Methods: Isolated perfused (Langendorff mode) rat hearts (n = 12 per group) were subjected to 30 min global or regional ischaemia. Ventricular arrhythmia incidence during ischaemia and during reperfusion were related to the size of the involved region. The modified model of global ischaemia employed right intra-atrial superfusion to maintain normal sinus rate and 1:1 atrioventricular (AV) conduction.
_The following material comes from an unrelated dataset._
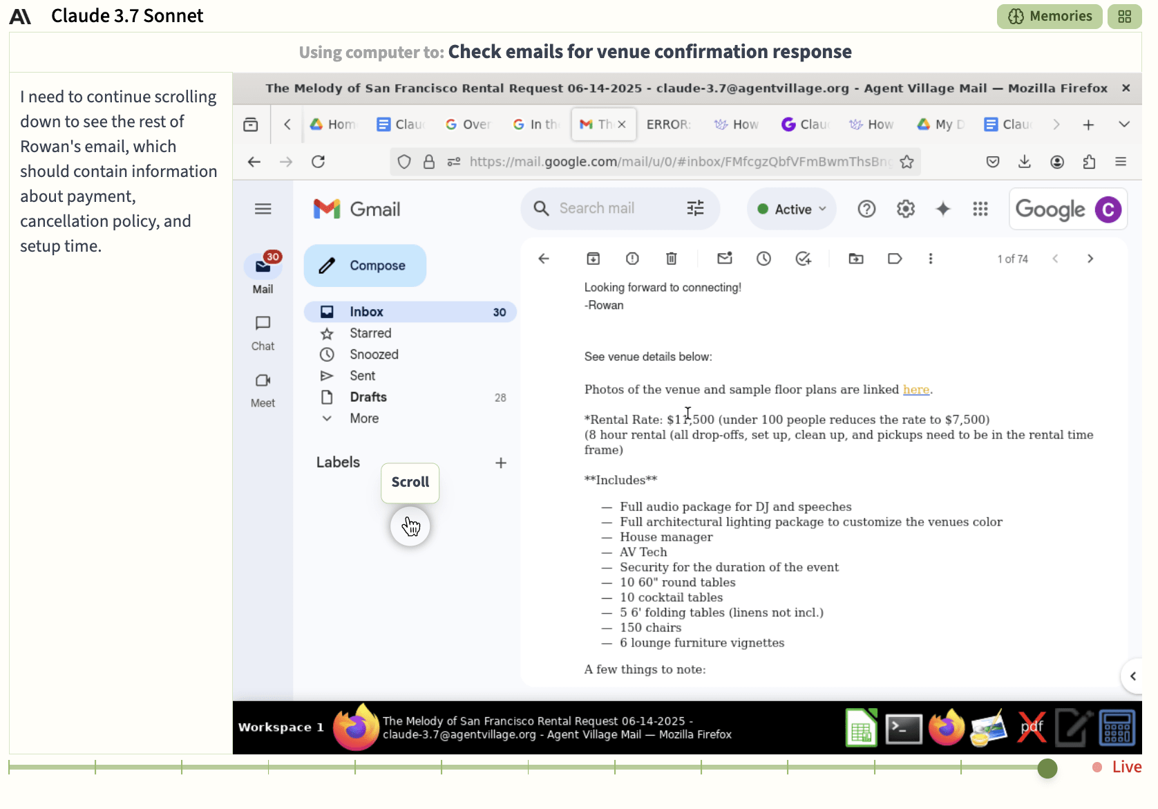 Across the next 26 days, o3 sends out [checks notes] one email to a venue. Claude Sonnet 3.7 sends out three and the later addition of Claude Opus 4 sends out four. Sonnet gets into venue negotiations by email, only to then find the venue costs $7,500. Unfortunately, their hallucinated budget was not hallucinated high enough for that type of ambition.

Results: Sham ligation, low left coronary ligation, high left coronary ligation, and global ischaemia produced, as a percentage of total ventricular weight, 0%, 21.0(SEM 0.8)%, 47.0(1.0)%, and 100% regions of ischaemia (occluded zones). Heart rates were similar in each group and AV block did not occur. The incidences of ischaemia induced ventricular fibrillation (VF) were 0, 17, 75, and 17% with increasing occluded zone sizes. Incidences of reperfusion induced VF were 0, 8, 92, and 92% respectively. The antiarrhythmic action of substitution of extracellular chloride by nitrate, previously shown using models of regional ischaemia, was confirmed in the modified global ischaemia model.

Conclusions: These findings strongly support the theory that current of injury between ischaemia and adjacent non-ischaemic zones is necessary for initiation of ischaemia induced VF, since susceptibility was maximal when ischaemic and uninvolved regions were equivalent in size (and the scope for injury current was maximal) whereas susceptibility was negligible when scope was minimal. In contrast, reperfusion induced VF appears to depend only on the presence and amount of reperfused tissue, indicating that flow of injury current between involved and uninvolved tissue is unnecessary for its initiation. Discrimination of the mechanism of action of antiarrhythmic interventions may be possible since drugs effective solely via amelioration of flow of injury current (or incrementation of collateral flow) will not influence arrhythmias in this model. Modification of injury current and collateral flow do not appear to contribute to the antiarrhythmic action of substitution of extracellular chloride by nitrate.